Wood Dynamics in Northeastern Stream Systems
Wood serves multiple functions in stream ecosystems and the relative importance of wood in a stream can depend upon multiple biotic and abiotic factors. For the purposes of my research, I have focused on “large wood” defined as dead wood in the stream channel greater than 10 cm diameter and greater than 1 m length, an operational definition that has become well established in the literature.
Wood Movement
In fall 2000 I tagged 116 pieces of large wood in a second-order section of Rocky Branch, a stream in the eastern Adirondack Mountains of New York. I returned to this 400 m section of stream in 2001, 2003 and 2004. Results from this assessment of wood movement through a period of moderate spring flooding was published in 2008 (Warren et al. 2008)
Wood Distribution
Given the importance of wood to stream biota and stream biogeochemical processing, understanding how wood is distributed in a system can provide insights into how organisms and stream processes may be spaced within a stream.
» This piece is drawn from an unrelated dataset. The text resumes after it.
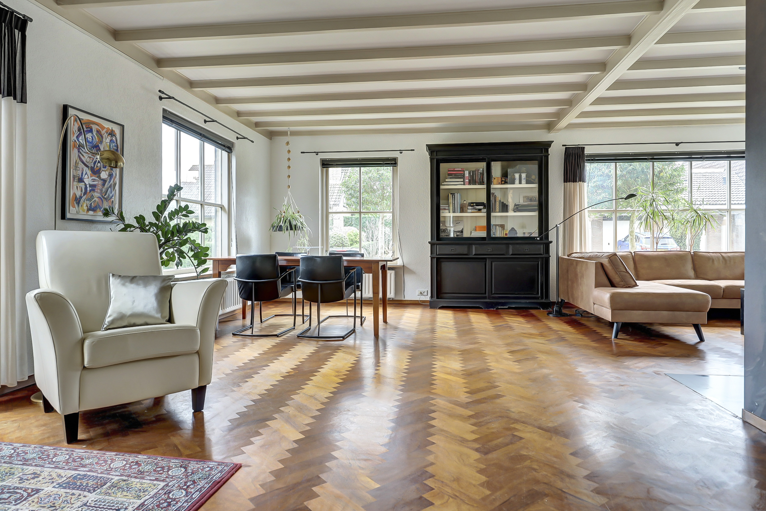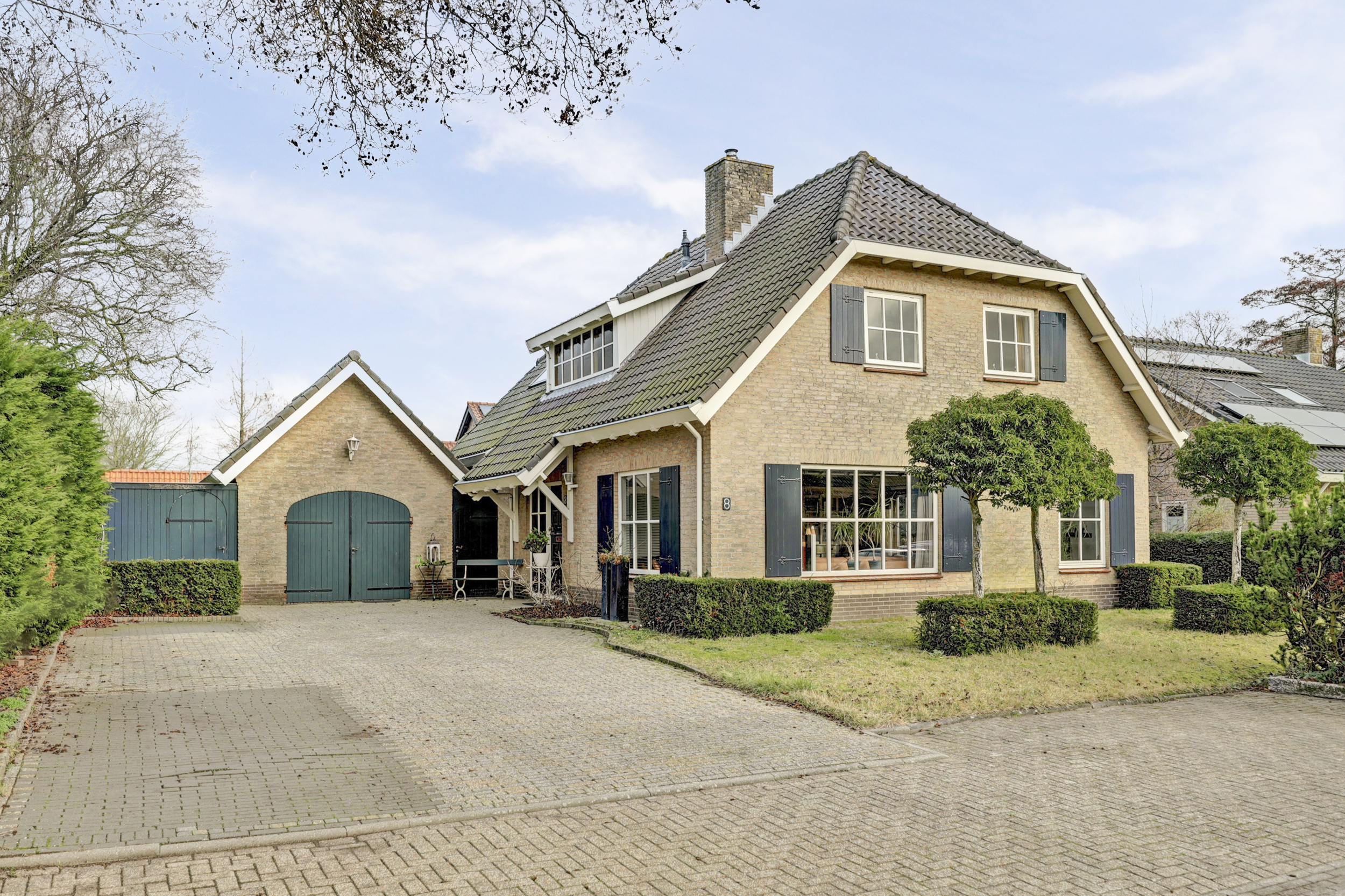 Rondom de woning ligt een verzorgde tuin met volop privacy. Onder de overkapping kun je beschut genieten van het buitenleven, ongeacht het seizoen. De riante oprit biedt plaats aan meerdere auto’s op eigen terrein, wat het geheel niet alleen comfortabel maar ook praktisch maakt.

Areas of wood aggregation– debris dams – can be quantitatively assessed using a linear modification of a neighbor K analysis (see Kraft and Warren 2003), and periodicity in wood accumulation in this analysis can reflect regularity in debris dam formation. We revisited this analysis and refined it to better account for wood distribution within specific distance intervals in a 2012 publication (Kraft et al. 2012). This revised analysis evaluates whether the number of pieces of wood (or any item analyzed along a single dimension) occurring within a specific distance interval is consistent or inconstant with what one would expect by random chance alone.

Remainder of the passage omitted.